Concentration of America's steer and heifer slaughter and packing industry into a few hands could be a problem in the future, members of the Utah Cattlemen's Association were told Friday.

B.H. Jones, administrator of the U.S. Department of Agriculture's Packers and Stockyards Administration in Washington, D.C., said the four biggest packing conglomerates in the United States killed an estimated 66 percent of the nation's steers and heifers last year.Speaking at the last day of the association's three-day annual convention at the Marriott Hotel, Jones said the nation's largest meat packers are beginning to contract ahead of time for beef and feed some of their own cattle for slaughter.

"This trend of concentrating the industry in a few companies could present some problems for cattlemen, but the nation's cattlemen seem divided so far on whether the trend is good or bad," Jones said.

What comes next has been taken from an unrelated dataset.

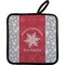 Our personalized pot holders feature a neoprene front that displays your personalization in vibrant colors. The backing of the hot pot holder is rubberized; the textured backing allows you to have a great grip when using this custom pot holder. The two materials are joined with a sleek, black trim, and the holder also includes an attached loop for hanging and storage. The pot holder is approximately 8.75 inches by 8.75 inches and 0.25 inches tall, while the fabric loop is 2.5 inches long. You can purchase a kitchen pot holder by itself or as a set of 2. We also offer a set including one pot holder and one oven mitt.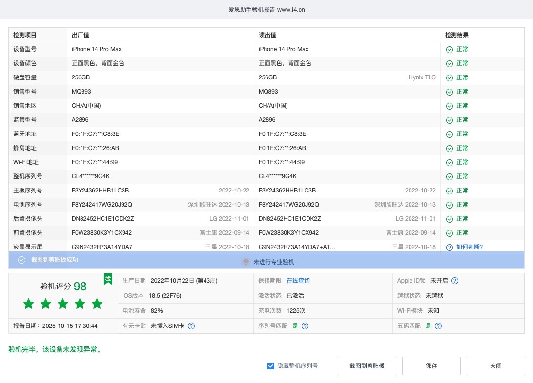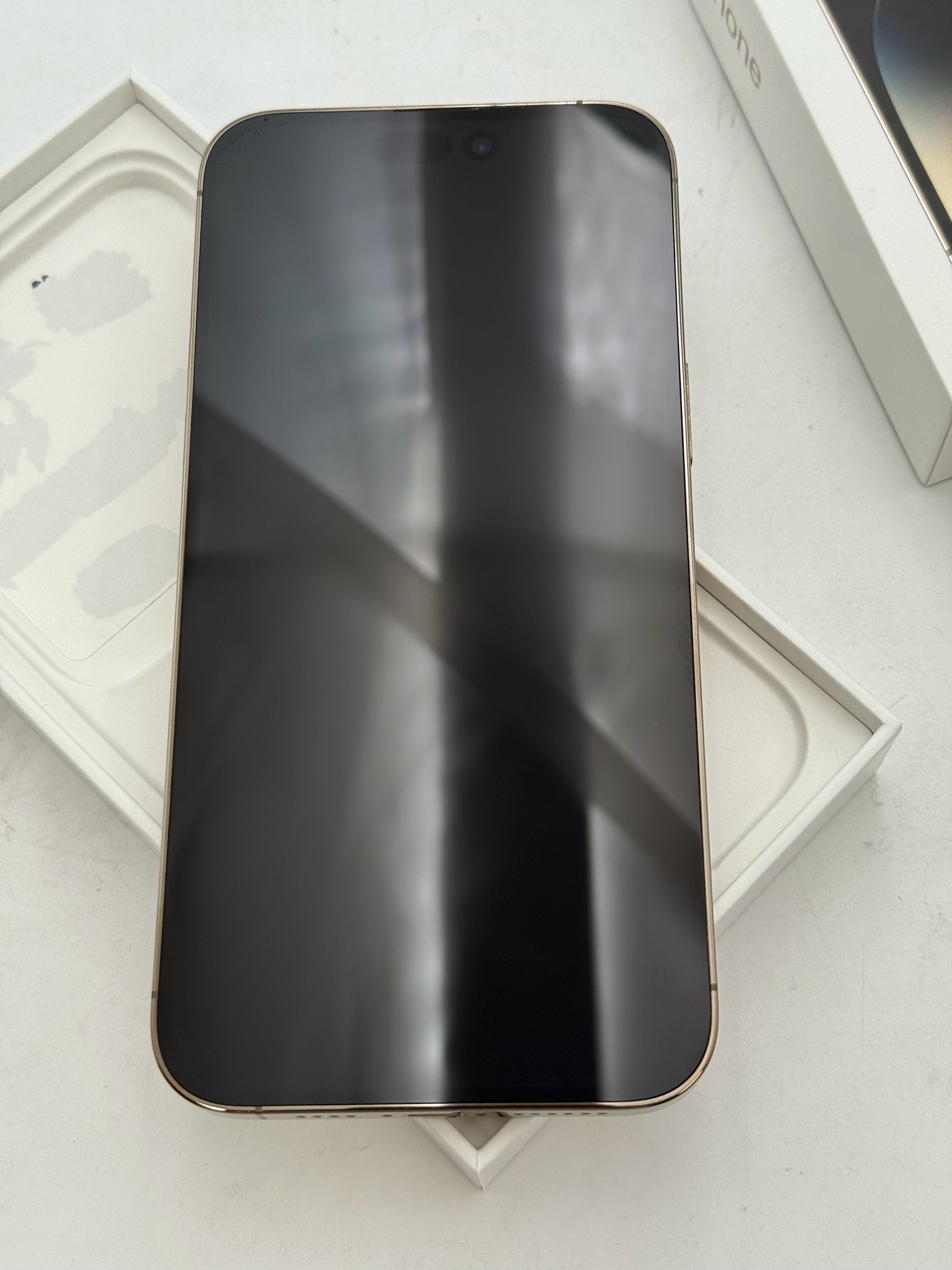 14ProMax 外观93 国行双卡 256 金色 原盒 全原无拆 小靓机 256G黄金内存 A16芯片性能强悍 6.7寸高刷大屏 视觉极佳 价优出 电池82 价格:4250

There were more mergers of meat packers in 1987 than at any time in the history of the American cattle industry, he said. "The three top companies are now Con Agra, Omaha; Cargill, which controls the packing company Excel, in Kansas; and IBP, in Nebraska.

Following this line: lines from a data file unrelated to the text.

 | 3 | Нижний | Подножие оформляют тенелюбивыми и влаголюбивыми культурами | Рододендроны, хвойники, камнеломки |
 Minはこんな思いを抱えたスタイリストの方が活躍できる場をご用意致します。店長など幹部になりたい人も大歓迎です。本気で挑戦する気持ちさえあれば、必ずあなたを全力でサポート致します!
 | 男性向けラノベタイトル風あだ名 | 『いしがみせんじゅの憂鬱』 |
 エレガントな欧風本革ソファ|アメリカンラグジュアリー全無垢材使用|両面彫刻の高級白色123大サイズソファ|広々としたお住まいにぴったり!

"A fourth company, National, in Liberty, Kan., is gaining strength and Beef America, in Nebraska and Iowa, is growing larger quickly," he said.

"Cattlemen haven't decided whether they want the government to step in and control the slaughter industry or control the size of the conglomerates that are taking over a larger and larger share of the slaughter process."

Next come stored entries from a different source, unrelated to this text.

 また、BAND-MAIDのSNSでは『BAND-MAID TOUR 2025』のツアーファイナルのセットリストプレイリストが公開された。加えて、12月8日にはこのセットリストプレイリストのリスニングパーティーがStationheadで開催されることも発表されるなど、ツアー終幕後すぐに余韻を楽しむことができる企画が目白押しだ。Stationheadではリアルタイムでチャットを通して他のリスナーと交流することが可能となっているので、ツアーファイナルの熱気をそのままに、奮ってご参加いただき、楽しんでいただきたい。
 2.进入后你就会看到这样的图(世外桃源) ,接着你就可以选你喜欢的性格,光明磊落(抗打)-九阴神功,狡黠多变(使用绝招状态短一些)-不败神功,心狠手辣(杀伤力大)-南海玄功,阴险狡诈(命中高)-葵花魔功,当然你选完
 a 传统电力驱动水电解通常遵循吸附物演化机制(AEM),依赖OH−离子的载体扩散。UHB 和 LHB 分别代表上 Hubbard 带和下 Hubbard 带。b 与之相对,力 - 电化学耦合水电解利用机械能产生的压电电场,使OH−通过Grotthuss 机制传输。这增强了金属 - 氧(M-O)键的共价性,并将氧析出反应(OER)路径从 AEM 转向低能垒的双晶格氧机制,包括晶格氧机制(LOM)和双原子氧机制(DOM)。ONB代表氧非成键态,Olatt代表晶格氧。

Jones said another potential problem is foreign intrusion into the American beef industry. He said a huge Australian and New Zealand firm has purchased an Iowa beef company and also has large grain production interests in America.

"The Japanese are coming into the West Coast - California and the state of Washington - in a big way, producing beef here for sale in Japan. And the Canadians are coming into California and even the French are coming to the United States and getting into the hog industry.

"There are plenty of things for American cattle producers to worry about in the future," he told the Utah cattlemen.